The 44-year-old, who has been a hairstylist for 23 years and also has locs of her own, said that she would have been taken aback by the photos if she didn’t know the Crushers Club leader personally but thinks others should learn of the work Hazelgrove has done in the community before passing judgment — including filmmaker Ava DuVernay, who voiced her displeasure with the Crushers Club by tweeting out photos of herself on various magazine covers with locs.
“I wish people would take the time and get to know her. She’s not nothing what people are saying, not at all,” Talbert said. “Six-and-a-half years. That’s family.”
Both Richardson and Talbert can understand how it looks for a white woman to cut off the hair of young black men. Black people and their hairstyles have always been a contentious issue in America. Earlier this year, a high school wrestler was forced to cut off his locs on the mat, and last month an Arkansas college basketball player was told by his white coach that the “face of our program” can’t have that hairstyle. “She could’ve worded the picture with more care,” Richardson said of Hazelgrove. But both argue that a collection of tweets doesn’t represent who Hazelgrove is.
“They don’t know her. They’re on the outside looking in,” said Richardson, who was in a coma after being shot 14 times in January 2016. When he woke up, Hazelgrove’s face was one of the first he saw.
Talbert added: “I didn’t understand the backlash because I just don’t understand who puts their time, love, energy and their unselfishness into kids six days a week, and for someone to say that she’s racist, I could never understand that.”

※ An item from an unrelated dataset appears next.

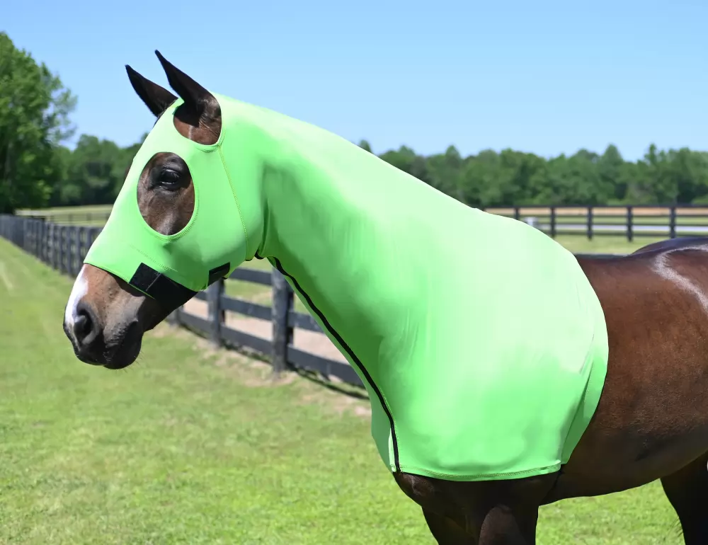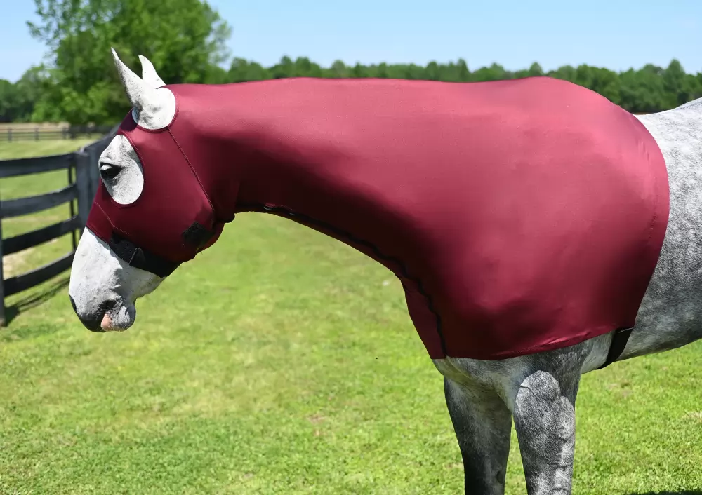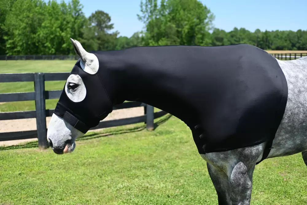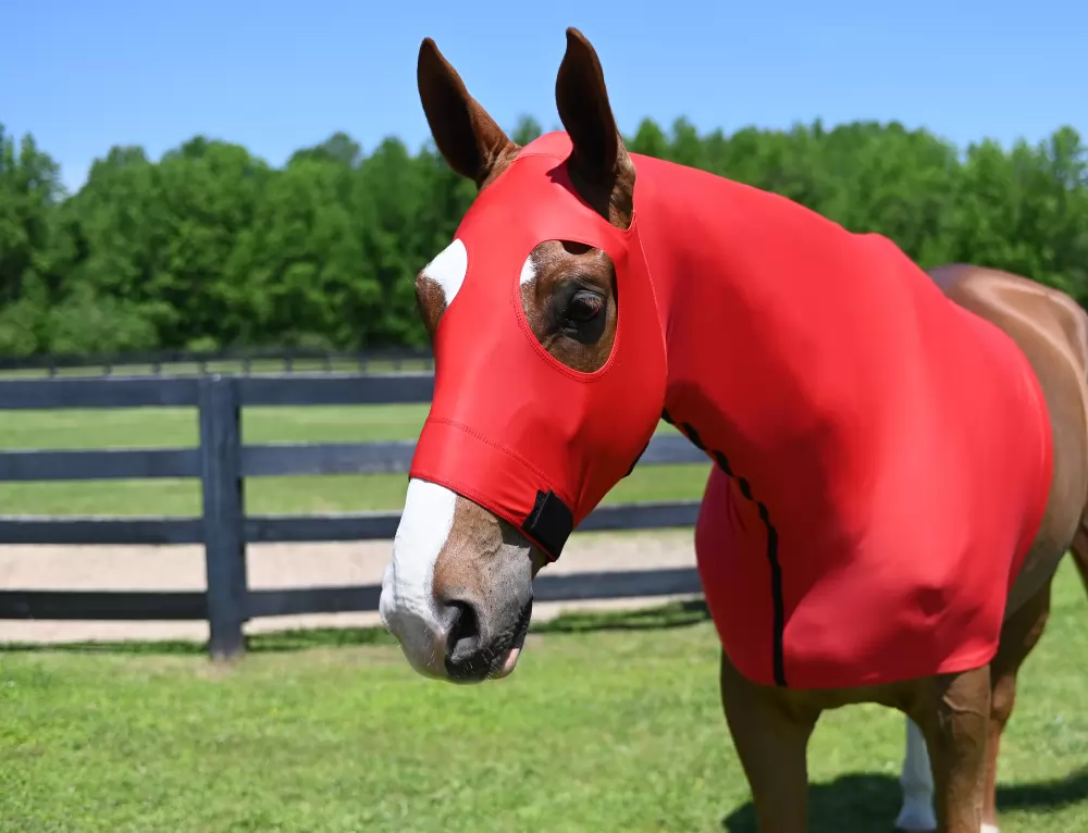StretchX 4-way Spandex Slicker Collection. Full Separating Zipper Slicker Hood is made from 8oz 4-way stretch 4-way stretch spandex. High quality reinforced zipper for easy-on/off. No center seam face design and extra large no-rub eye holes. Machine washable (gentle cycle, warm water, fasten velcro securely. Dry low heat only.

One of the most criticized tweets was Hazelgrove stating, “All lives matter” in response to the deadly shooting of Dallas police officers in the summer of 2016. “All Lives Matter” sprung up to combat the Black Lives Matter movement at the time. It’s since been hijacked by white supremacists and opponents of anti-racism.
In responding to the criticism of Hazelgrove last week, Richardson said, “Everybody’s lives matter — everyone, not just black.”
“I don’t see color,” Richardson told The Undefeated. “We all are human.”
When asked if black lives matter less in the eyes of some people, he responded, “I don’t know.”
Outside of social media, to the most casual observer, Crushers Club’s entire existence could be read as perpetuating respectability politics. The organization’s official website preaches “respect, discipline, ownership, and love” to help its members “restore their lives and improve their neighborhood,” putting the onus of decades of redlining, police brutality and wage disparity on the victims of said policies. When he was asked if the predicaments he found himself in when he was younger were the result of his personal choices or systemic impediments, he said, “That’s all really the way we grew up here in Chicago. I’m trying to overcome that now.”
There’s no internal conflict for Richardson or Talbert of being black and having to defend a white woman from a loud chorus of criticism from black people. “They need to come and meet her, actually talk to her one-on-one,” said Richardson, who is starting his final year at Excel Academy of South Shore and now mentors younger kids with the Crushers Club.
For Talbert, as crazy as it sounds, it was Hazelgrove who was there when many others who should’ve been were not.
“She’s the white woman, and not one person in that black neighborhood — been there 30, 40 years — never took that much time out, never in their lifetime, to put that much time and love for kids, kids she don’t even know.
“I don’t know where my boy would be, really,” Talbert added, “but I know he’s not in the streets.”